У парижан сорок второго года Сатана из «Вечерних посетителей» ассоциировался с безумствующим фюрером, сходство с которым даже подчеркивал актер Жюль Берри, а любовь казалась силой, способной противостоять порабощению и произволу. Так древняя романтическая легенда, которая в свое время могла бы выйти из-под пера Байрона или молодого Гёте, внезапно обернулась злободневностью и политической остротой.

Романтический кинематограф Франции занялся восстановлением попранных духовных ценностей, исцеляя новый отечественный недуг — неверие французов в себя и их внутреннюю опустошенность национальной катастрофой. Кино торопилось залечивать психологические раны — в одном сорок третьем на экраны вышло 83 картины. Гремийон в романтическом «Летнем свете» проповедовал единение всех классов в борьбе с фашизмом. Марсель Л’Эрбье в «Фантастической ночи» призывал не чураться зачумленной земли, не бежать от нее в прекрасный вымысел, а строить жизнь сообразно романтическому идеалу.

Кокто с Деланнуа в «Вечном возвращении», заново прочитанной легенде о Тристане и Изольде, утверждали в годы фашистского лихолетья непреходящую ценность подлинных человеческих чувств. В «Вечном возвращении» сталкиваются друг с другом мир романтической любви и мир серой обыденности. С одной стороны прекрасный охотник Патрис (Тристан) и золотоволосая Натали (Изольда), с другой — дядя Марк (король Марк), семейство тетушки Гертруды (двор вероломных баронов) и карлик Ахилл (Судьба). Патрис встречает Натали в грязном кабаке, где ее преследует жених, спившийся и растленный моряк, и уводит ее в дом дяди Марка, старинный замок, где обитает злой рок в обличье уродливого карлика Ахилла, сгорающего от зависти к красоте и молодости Патриса. Ахилл опоит по ошибке приворотным зельем Натали и Патриса, и тогда в замке, в прибежище буржуазной косности, скуки и порядка, вспыхнет небывалая по силе страсть, которой впору сокрушить тысячелетние стены.

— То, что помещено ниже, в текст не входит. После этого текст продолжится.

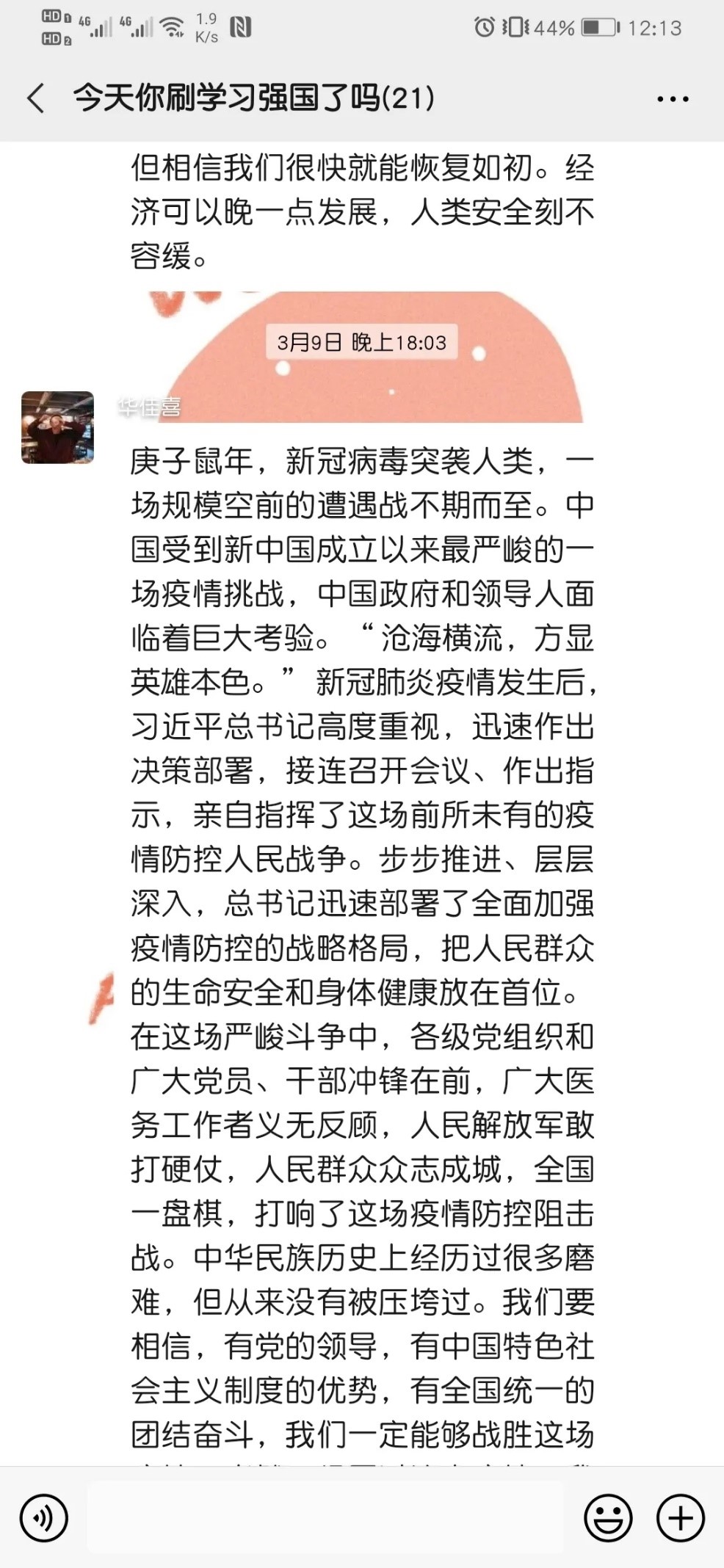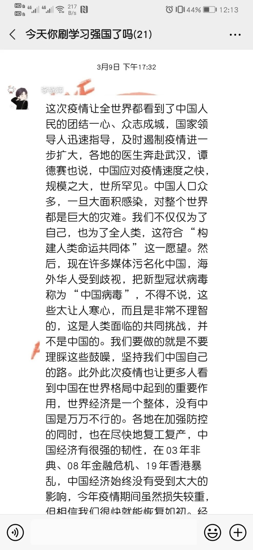 张梦欣:“士不可以不弘毅,任重而道远。”一场疫情,三代传承,我们是新时代的接棒者,接过老一辈身上的重担,现在,建设祖国的任务已经交到了我们的手上,我们中国青年更是要肩负起自己身上的责任,对自己的社会角色负责,对社会和国家负责。都说“青年兴,则国家兴”,我们更是作为新时代的青年老员工党员,更应该比普通青年有着更高的觉悟,更强的社会责任感,用自己的青春担当去建设我们伟大的祖国,努力实现中国民族的伟大复兴!
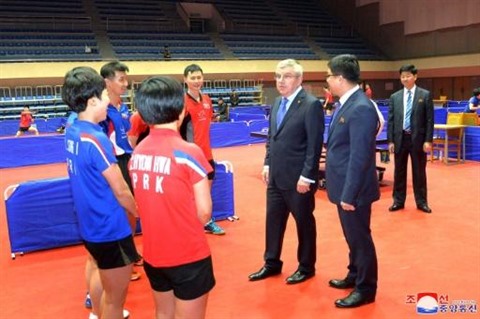 | Le président du CIO Thomas Bach (2e, droite) visite à Pyongyang en République populaire démocratique de Corée un gymnaste dédié au tennis de table, le 1er avril. |
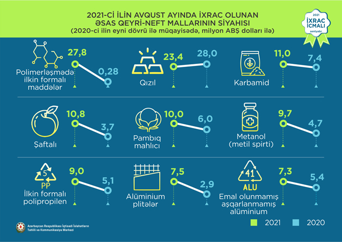 2021-ci ilin avqust ayında ixrac edilən qeyri-neft sektoruna aid malların siyahısında polimerləşmə nəticəsində əmələ gələn ilkin formalı digər maddələr (27,8 milyon ABŞ dolları) birinci, qızıl (23,4 milyon ABŞ dolları) ikinci və karbamid (11 milyon ABŞ dolları) üçüncü olub.
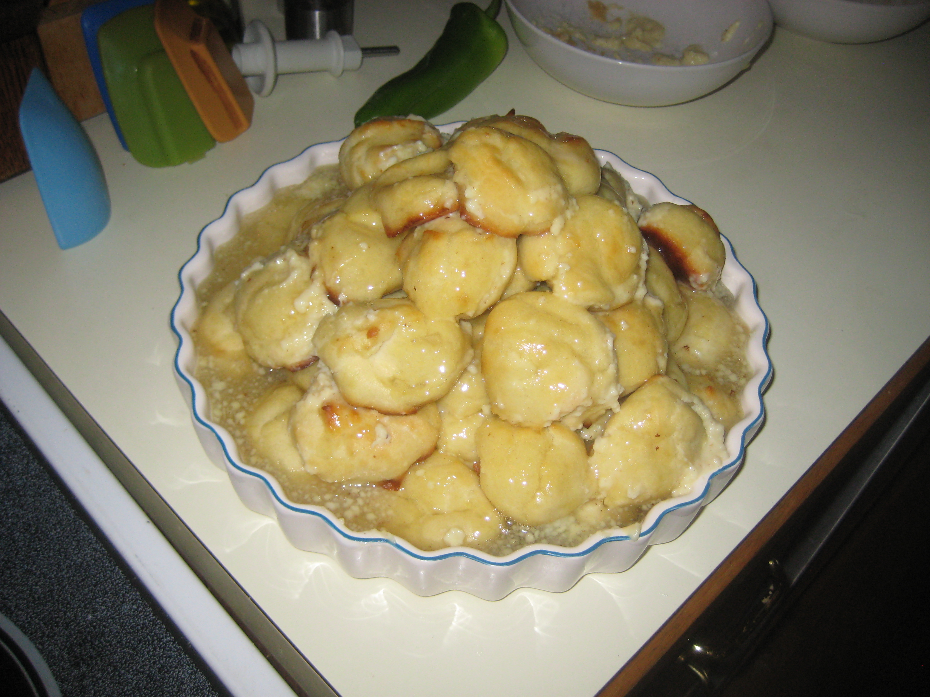 In addition, a croquembouche – a French cake made of creme-filled puff pastries and caramel – was attempted. Unfortunately, it didn’t turn out as well as hoped. Better luck next year, certainly!

Романтическая любовь в фильме Деланнуа бежит пошлости и обыденности, будь то вульгарный кабак, респектабельный замок или гараж, в который ненароком попадает изгнанный из дома Патрис. Любовь как бы избирает пристанище в каком-то мечтательном междумирье, в искусственно созданном заповеднике, доступном лишь любящим душам. Кокто и Деланнуа лишают кельтскую легенду присущего ей мистического средневекового колорита; им важно подчеркнуть живучесть мифической модели в самой конкретности будничной прозы (она прямо ассоциировалась с военными тяготами), которая оказывается богата незримыми духовными ценностями. Сокровища души Натали и Патриса — порука их рокового тяготения друг к другу, романтическая, небывалая страсть — производное духовности, ее очаг. Носители любви в фильме оказываются хранителями духовных ценностей в пустом, безнравственном мире предрассудков, условностей и этикета. Собственно, за это и расплачиваются Натали с Патрисом: она принуждена против воли томиться в опостылевшей брачной опочивальне, он — погибает от пули Ахилла. Их душам нет места в пошлом мире — на них посягают постоянно грязные руки, и поэтому единственным прибежищем для них, естественно, оказывается смерть. Она гарантирует неприкосновенность их душ, вечный союз и свободу от любого пятнающего посягательства.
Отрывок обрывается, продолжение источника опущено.